Doing mathematics, one tries to give proofs for propositions, i.e., to deduce the propositions logically from other propositions (premisses). Now, in the reductionist perspective, a proof of a mathematical proposition yields an insight into the truth of the proposition, if the premisses are already established (if one has already an insight into their truth); this can be done by giving in turn proofs for them (in which new premisses will occur which ask again for an insight into their truth), or by agreeing to put them at the beginning (to consider them as axioms or postulates). The philosopher tries to understand how the decision about what propositions to take as axioms is arrived at, because he or she is dissatisfied with the reductionist claim that it is on these axioms that the insight into the truth of the deduced propositions rests. Actually, this epistemology might contain a short-coming since Poincaré (and Wittgenstein) stressed that to have a proof of a proposition is by no means the same as to have an insight into its truth.

Attempts to disclose the ontology of mathematical objects reveal the following tendency in epistemology of mathematics: Mathematics is seen as suffering from a lack of ontological “determinateness”, namely that this science (contrarily to many others) does not concern material data such that the concept of material truth is not available (especially in the case of the infinite). This tendency is embarrassing since on the other hand mathematical cognition is very often presented as cognition of the “greatest possible certainty” just because it seems not to be bound to material evidence, let alone experimental check.

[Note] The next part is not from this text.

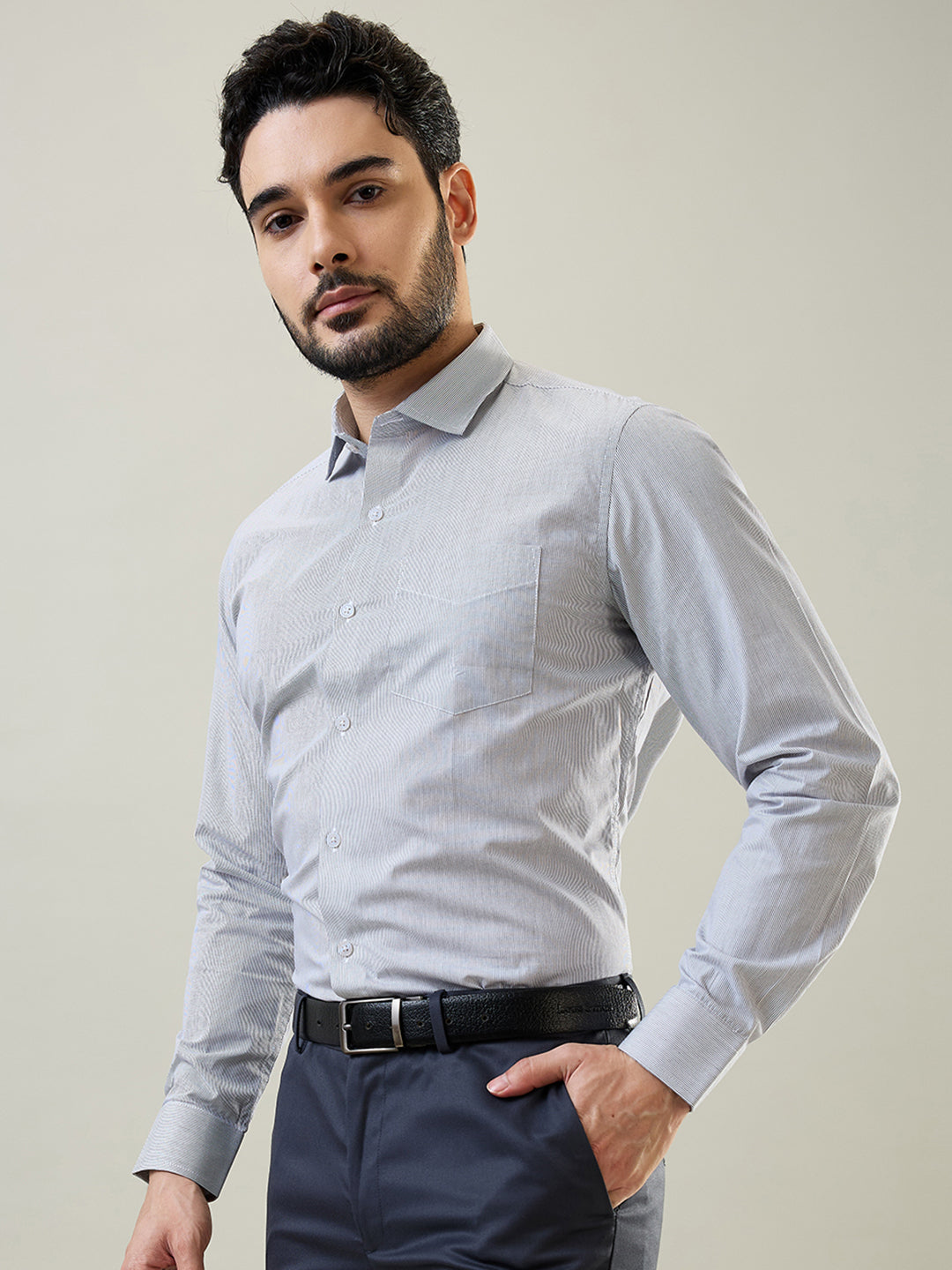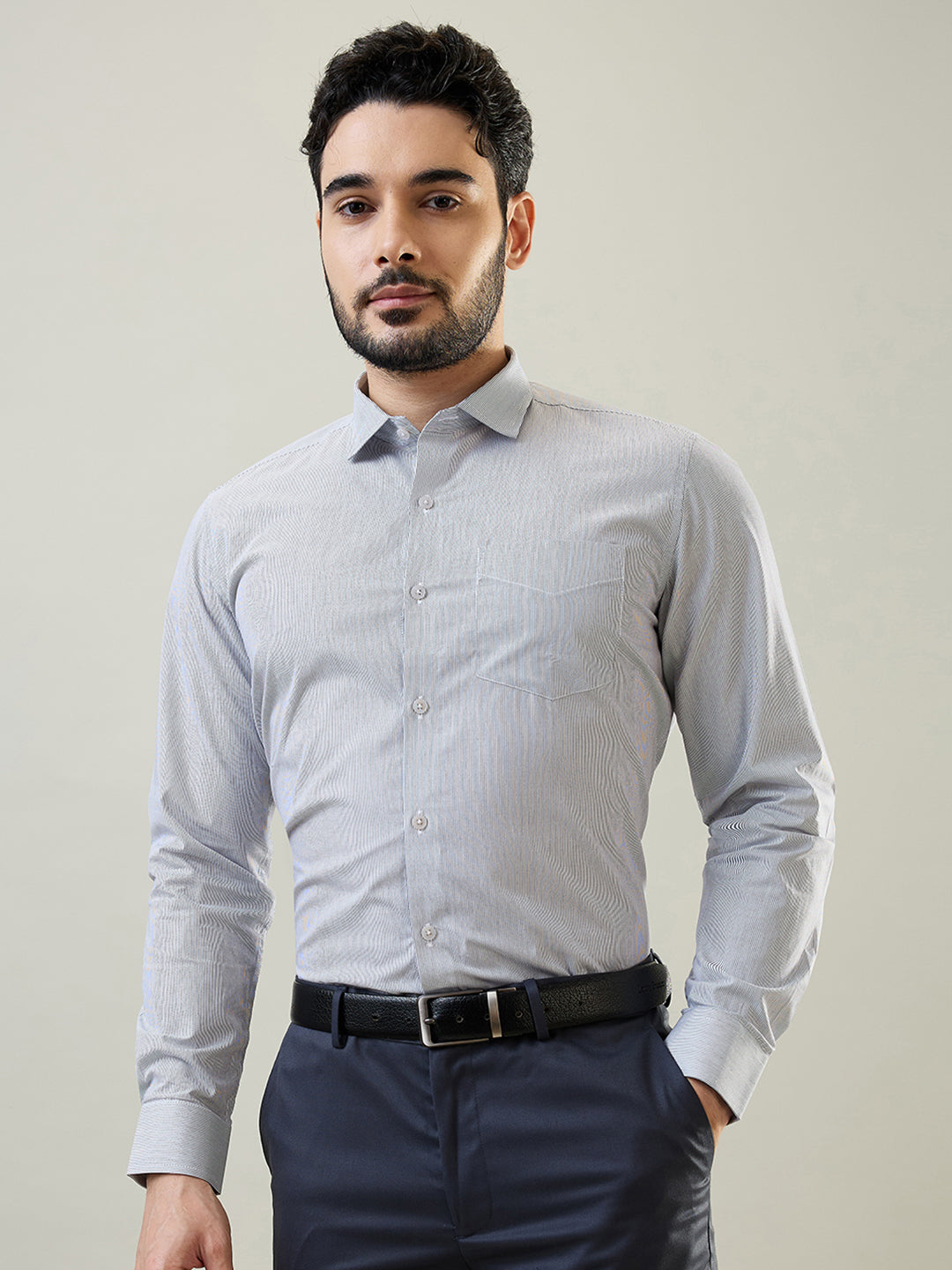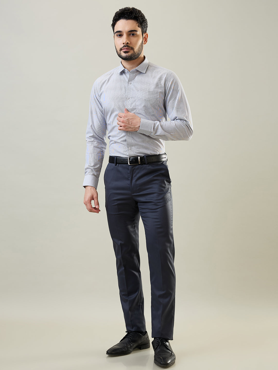 With its full sleeve and regular fit design, this shirt offers a tailored look while ensuring comfort throughout the day. Whether paired with formal trousers, chinos, or a suit, this shirt is versatile enough to suit any occasion, from business meetings to evening events.
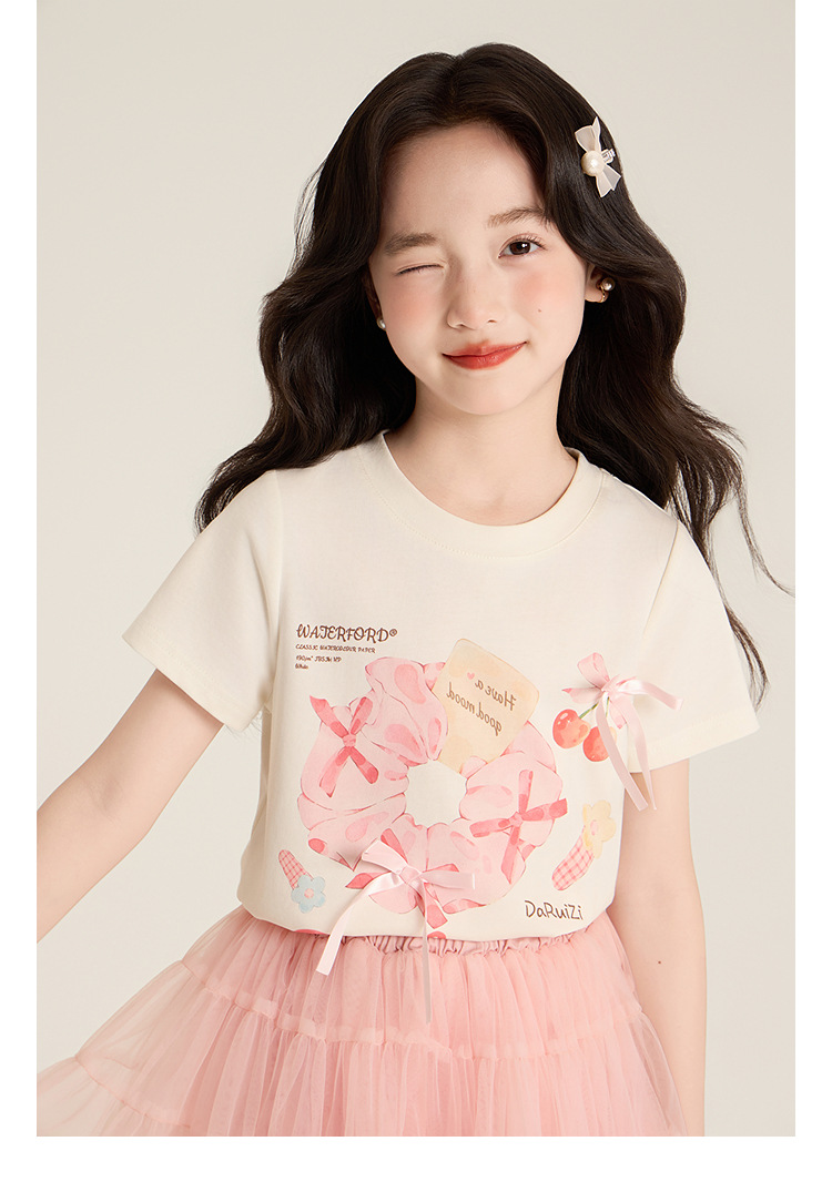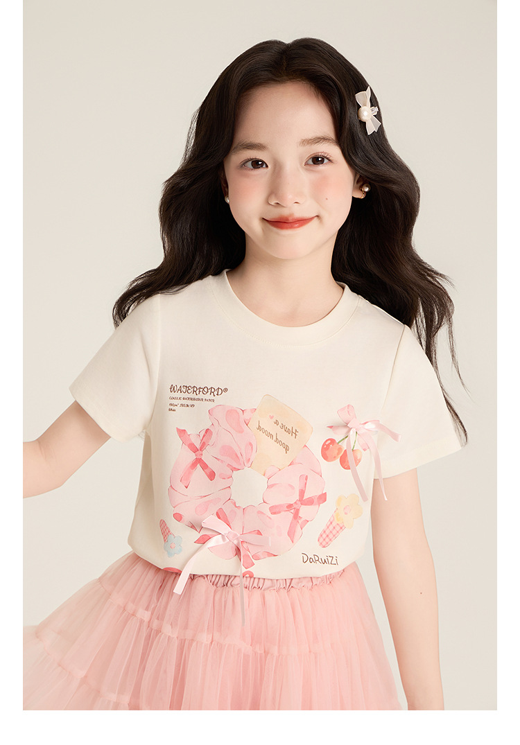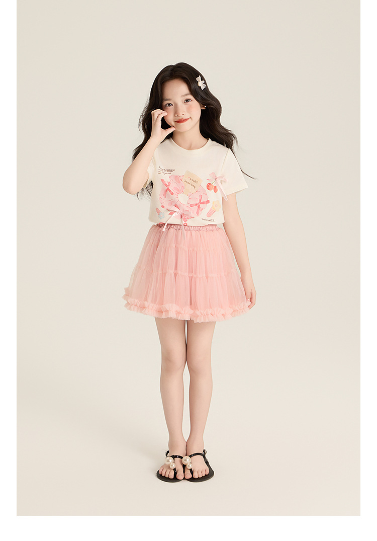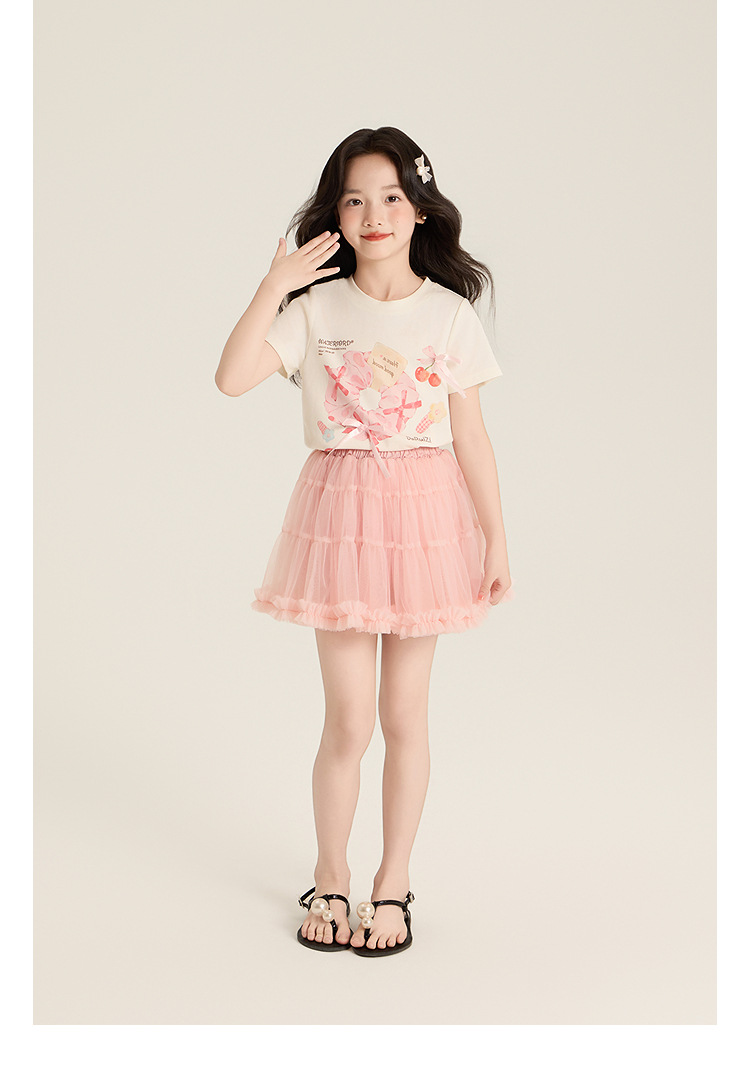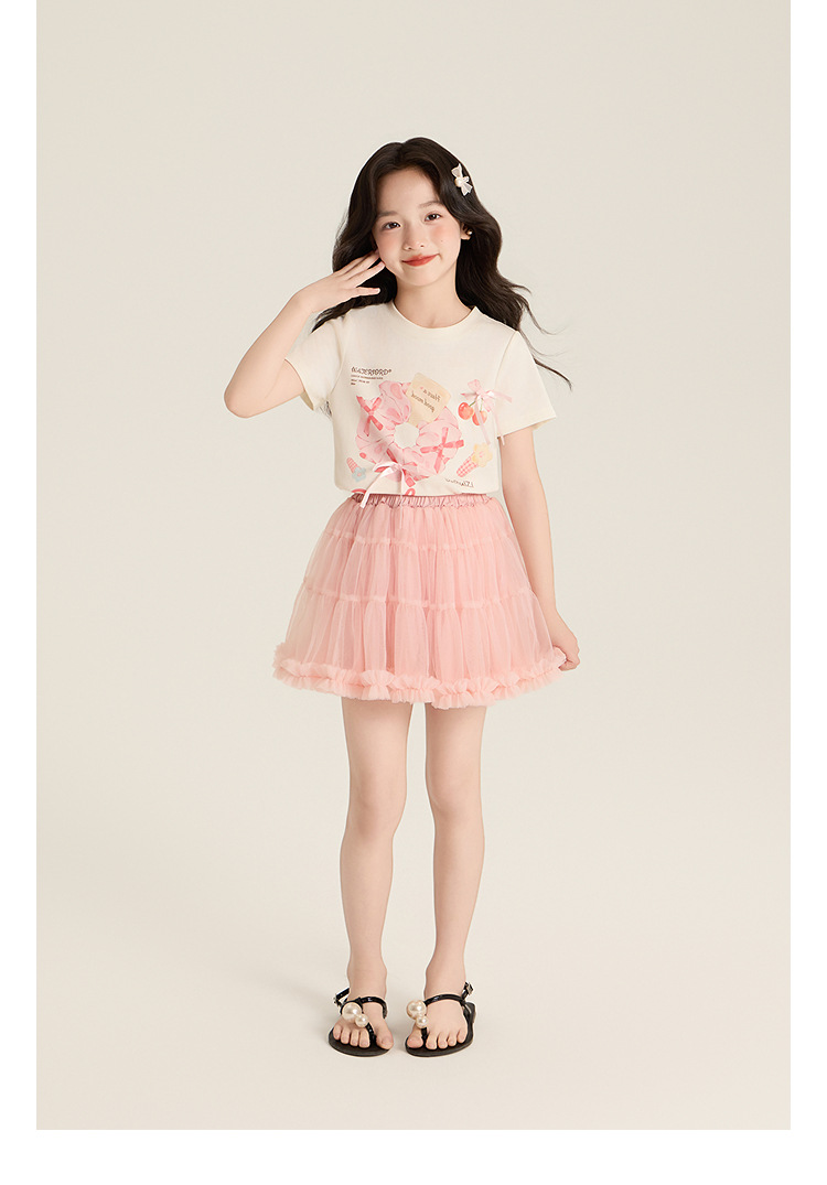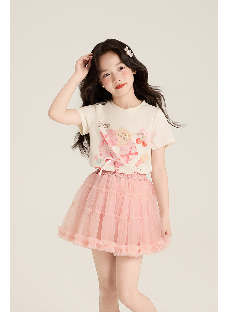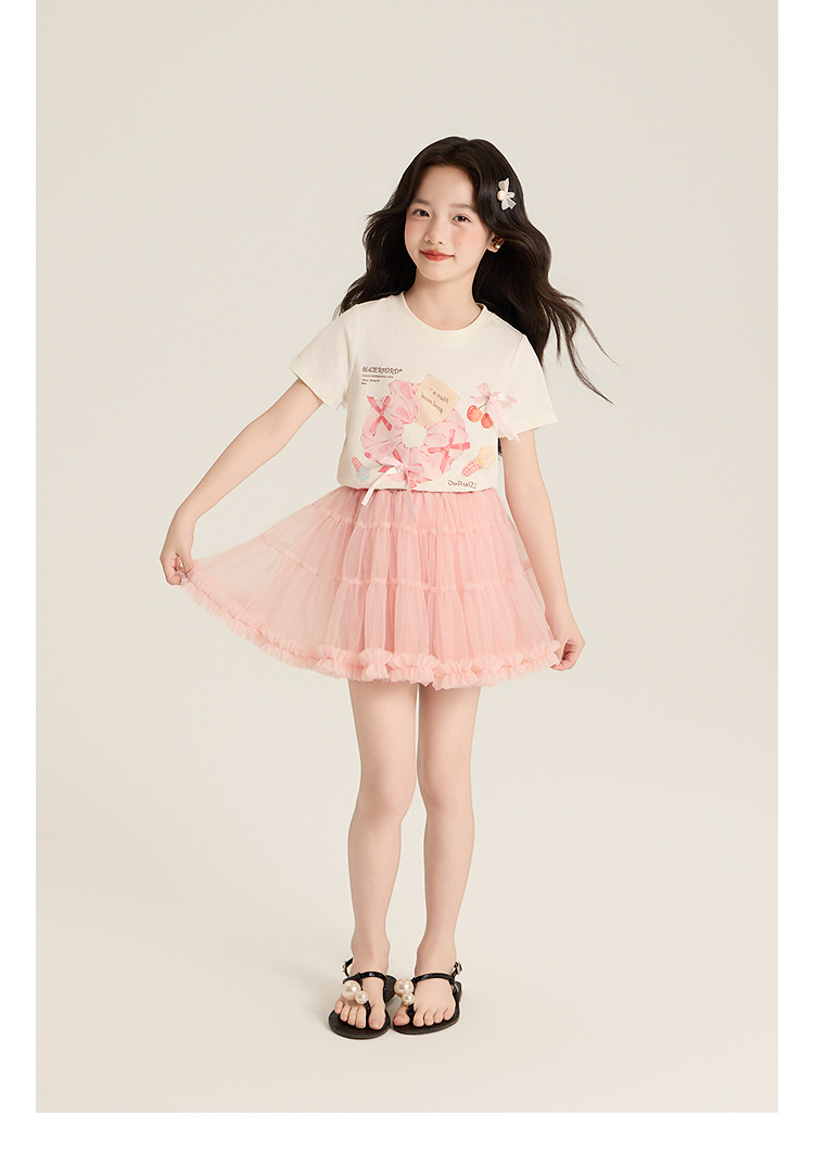 Amybaby 여아 정장 여름 2025 새로운 한국 스타일 달콤한 디자인 티셔츠 기질 메쉬 스커트

The technical apparatus developed by the reductionist and set-theoretical approach nowadays serves other purposes, partly for the reason that tacit beliefs about sets were challenged; the explanations of the science which it provides are considered as irrelevant by the practitioners of this science. There is doubt that the above mentioned sufficient condition is also necessary; it is not even accepted throughout as a sufficient one. But what happens if some objects, as in the case of category theory, do not fulfill the condition? It seems that the reductionist approach, so to say, has been undocked from the historical development of the discipline in several respects; an alternative is required.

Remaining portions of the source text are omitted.